▸ TASK DESCRIPTION: Output must consist only of the lines of the material below from the one with "PRECIOUS COMPETITION TIME!!)." through the one with "I’m happy to", each reproduced exactly; no pictures belong in it.

▸ MATERIAL FOR THIS TASK:
----

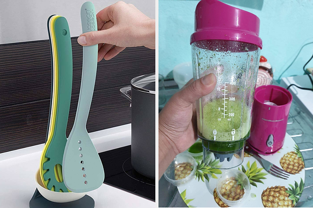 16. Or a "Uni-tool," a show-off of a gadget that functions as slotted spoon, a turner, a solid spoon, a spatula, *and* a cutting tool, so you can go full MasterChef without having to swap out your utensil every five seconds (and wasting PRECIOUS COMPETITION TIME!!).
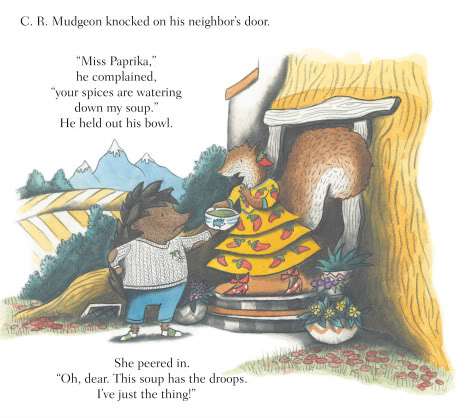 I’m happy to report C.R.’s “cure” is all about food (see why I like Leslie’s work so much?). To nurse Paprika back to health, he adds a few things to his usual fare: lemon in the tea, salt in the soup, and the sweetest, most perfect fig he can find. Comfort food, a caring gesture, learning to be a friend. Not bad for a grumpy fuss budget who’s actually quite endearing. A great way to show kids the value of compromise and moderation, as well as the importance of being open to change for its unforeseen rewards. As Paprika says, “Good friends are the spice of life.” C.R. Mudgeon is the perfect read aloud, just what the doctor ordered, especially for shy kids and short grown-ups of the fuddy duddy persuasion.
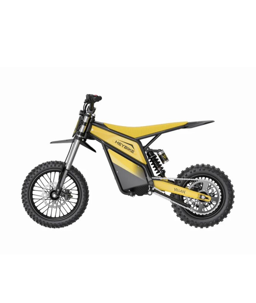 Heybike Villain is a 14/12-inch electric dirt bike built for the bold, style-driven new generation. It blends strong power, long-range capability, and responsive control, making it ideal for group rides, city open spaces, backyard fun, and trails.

----

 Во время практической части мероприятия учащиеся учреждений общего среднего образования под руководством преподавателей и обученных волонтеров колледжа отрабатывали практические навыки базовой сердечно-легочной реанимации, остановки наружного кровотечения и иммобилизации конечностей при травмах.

----

▸ WRITTEN REPLY:
 16. Or a "Uni-tool," a show-off of a gadget that functions as slotted spoon, a turner, a solid spoon, a spatula, *and* a cutting tool, so you can go full MasterChef without having to swap out your utensil every five seconds (and wasting PRECIOUS COMPETITION TIME!!).
 I’m happy to report C.R.’s “cure” is all about food (see why I like Leslie’s work so much?). To nurse Paprika back to health, he adds a few things to his usual fare: lemon in the tea, salt in the soup, and the sweetest, most perfect fig he can find. Comfort food, a caring gesture, learning to be a friend. Not bad for a grumpy fuss budget who’s actually quite endearing. A great way to show kids the value of compromise and moderation, as well as the importance of being open to change for its unforeseen rewards. As Paprika says, “Good friends are the spice of life.” C.R. Mudgeon is the perfect read aloud, just what the doctor ordered, especially for shy kids and short grown-ups of the fuddy duddy persuasion.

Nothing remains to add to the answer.